Mexico City, April 29th, 2021 – Terrafina® (“TERRA” or “the Company”) (BMV: TERRA13), a leading Mexican industrial real estate investment trust (“FIBRA”), externally advised by PGIM Real Estate and dedicated to the acquisition, development, leasing and management of industrial real estate properties in Mexico, announced today its first quarter 2021 (1Q21) earnings results.
The figures in this report have been prepared in accordance with International Financial Report Standards (“IFRS”). Figures presented in this report are expressed in millions of Mexican pesos and millions of U.S. dollars, unless stated otherwise. Additionally, figures may vary due to rounding.
Operating and Financial Highlights as of March 31st, 2021
- As of March 31st, 2021, the occupancy rate was 94.6%, a 150 basis point decrease compared to the first quarter of 2020 (1Q20).
- Renewal rate for 1Q21 was 83.2%.
- 1Q21 annualized average leasing rate per square foot was US$5.30, a 2.1% or US$0.11 increase compared to 1Q20.
- In 1Q21, Terrafina reported a total of 39.2 million square feet (msf) of Gross Leasable Area (GLA) comprised of 274 properties and 296 tenants.
- 1Q21 leasing activity reached 2.4 msf, of which 13.5% corresponded to new leases, 63.0% to lease renewals and 23.5% to early renewals. Leasing activity was concentrated in the Cuatitlán Izcalli, Toluca, Ciudad Juárez, Chihuahua, Silao, Gómez Palacio, Saltillo, Derramadero, Monterrey, Ramos Arizpe, Durango, Irapuato, Querétaro, Guadalajara, and San Luis Potosí markets.
- 1Q21 net collections (rental revenues – uncollected revenues + collected revenues) reached US$48.0 million, a 1.5% or US$0.7 million decrease compared to 1Q20.

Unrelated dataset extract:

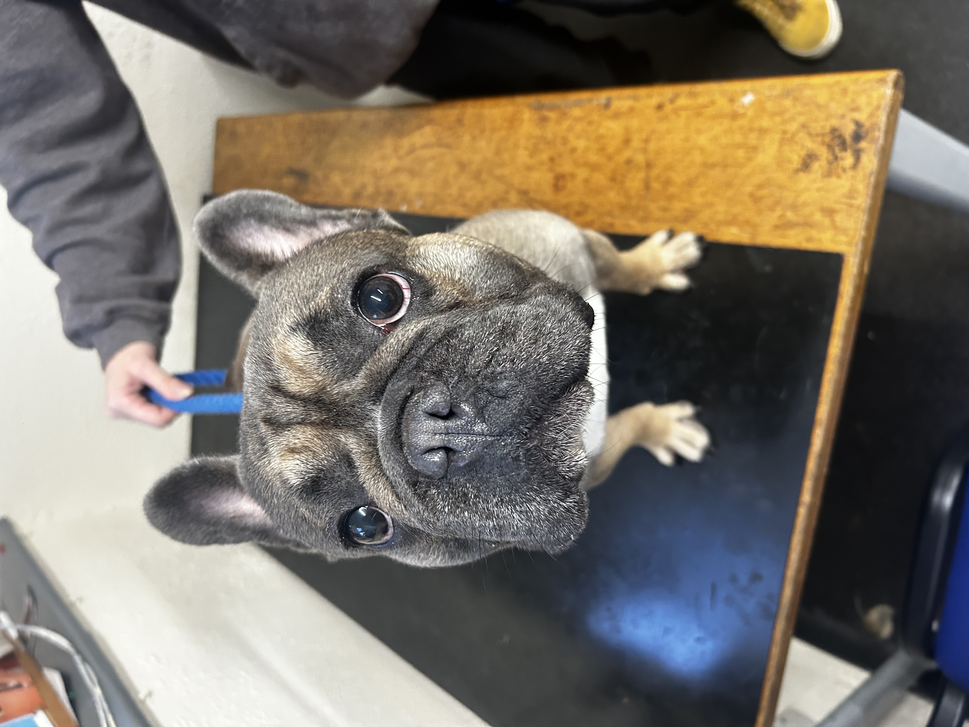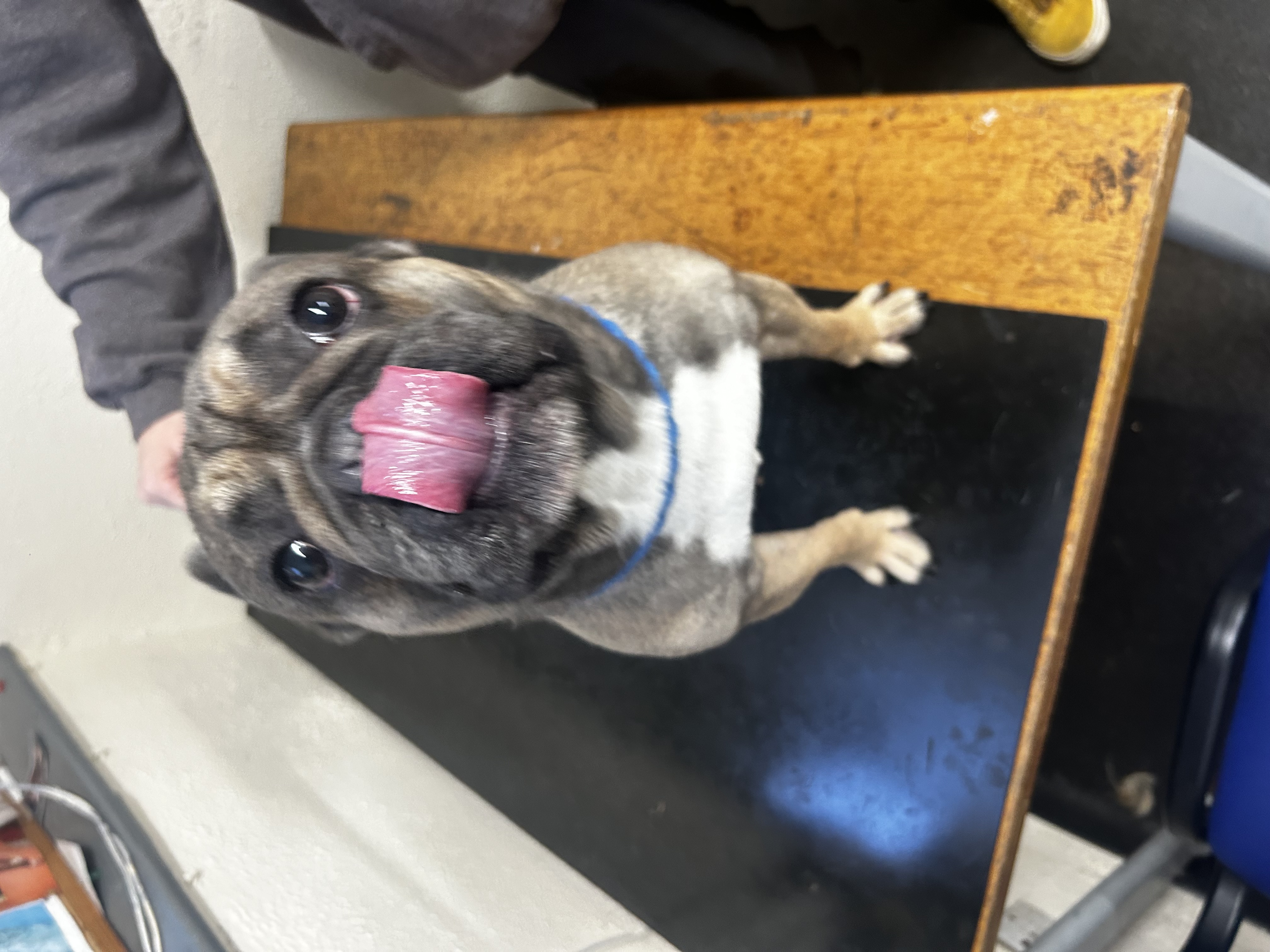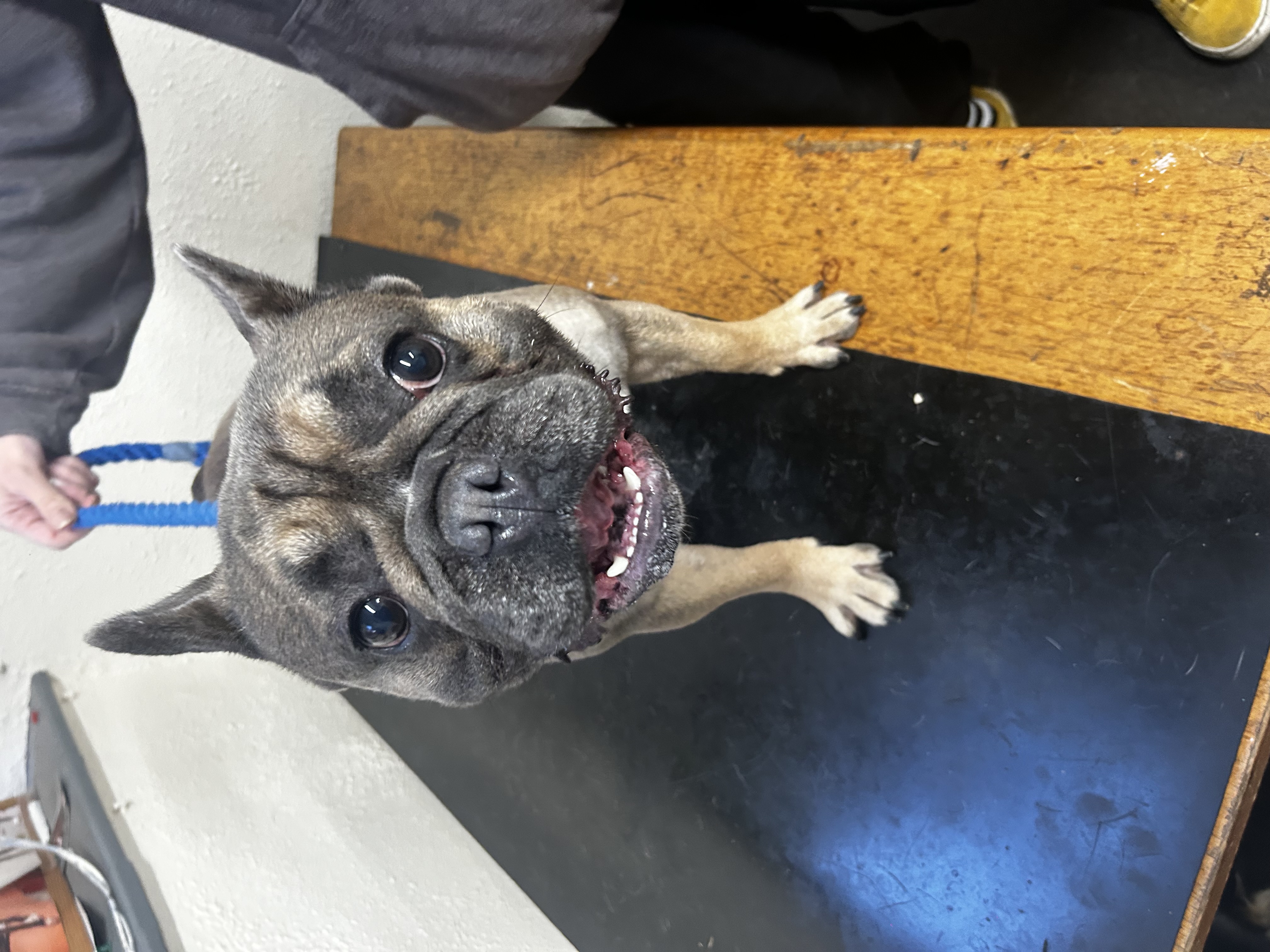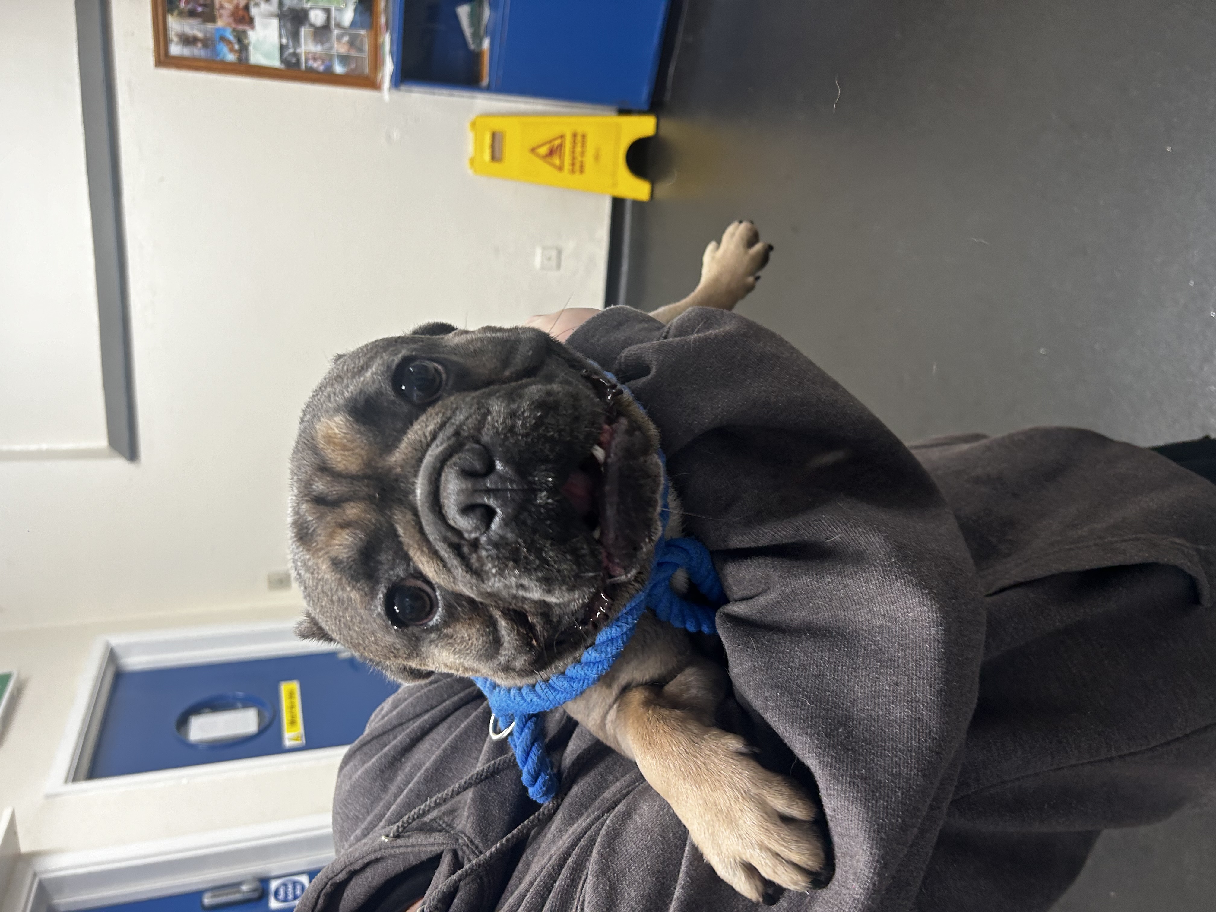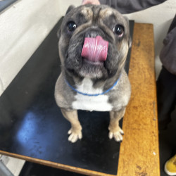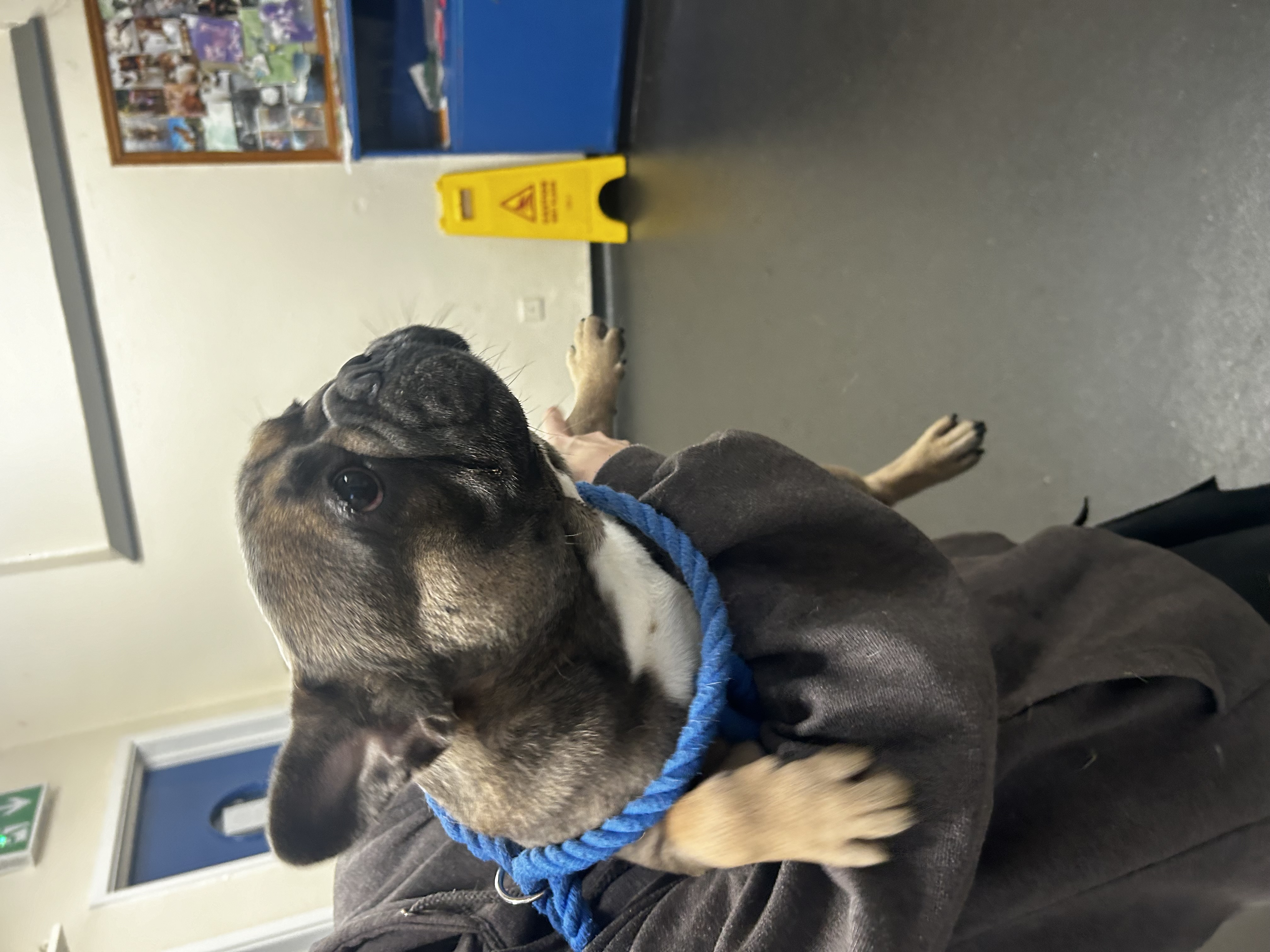 Blu was brought into kennels after being found roaming as a stray. We have named him Blu & aged him around 3 years old. We have seen no negative reactions from him towards other dogs in kennels. Blu tries to stay clean in his kennel which is a good indicator that he is house trained. As French bulldogs usually suffer from BOAS, he may require surgery in the future for it & adopters must bear this in mind. Blus temperament is friendly, fairly confident & he is food driven! He would make the perfect companion in a frenchie loving home.

- 1Q21 rental revenues reached US$47.0 million, a 6.5% or US$3.3 million decrease compared to 1Q20.
- 1Q21 NOI was US$46.0 million, a 2.4% or US$1.1 million decrease compared to 1Q20.
- The NOI margin for 1Q21 was 94.0%, a 28 basis points decrease compared to 1Q20.
- 1Q21 EBITDA reached US$41.0 million, a 2.9% decrease or US$1.2 million compared to 1Q20.
- The EBITDA margin for 1Q21 was 83.7%, a 67 basis points decrease compared to 1Q20.
1Q21 adjusted funds for operations (AFFO) reached US$27.6 million, an increase of 4.3% or US$1.1 million compared to 1Q20.
The AFFO margin for 1Q21 was 56.1%, a 376 basis points increase compared to 1Q20.
- 1Q21 distributions totaled US$23.5 million. As a result, Terrafina will distribute Ps.0.6026 per CBFI (US$0.0297 per CBFI) for the January 1st to March 31st, 2021 period; considering the average share price of US$1.47 for 1Q21 (Ps.29.89), Terrafina’s annualized dividend yield for the quarter was 8.1%.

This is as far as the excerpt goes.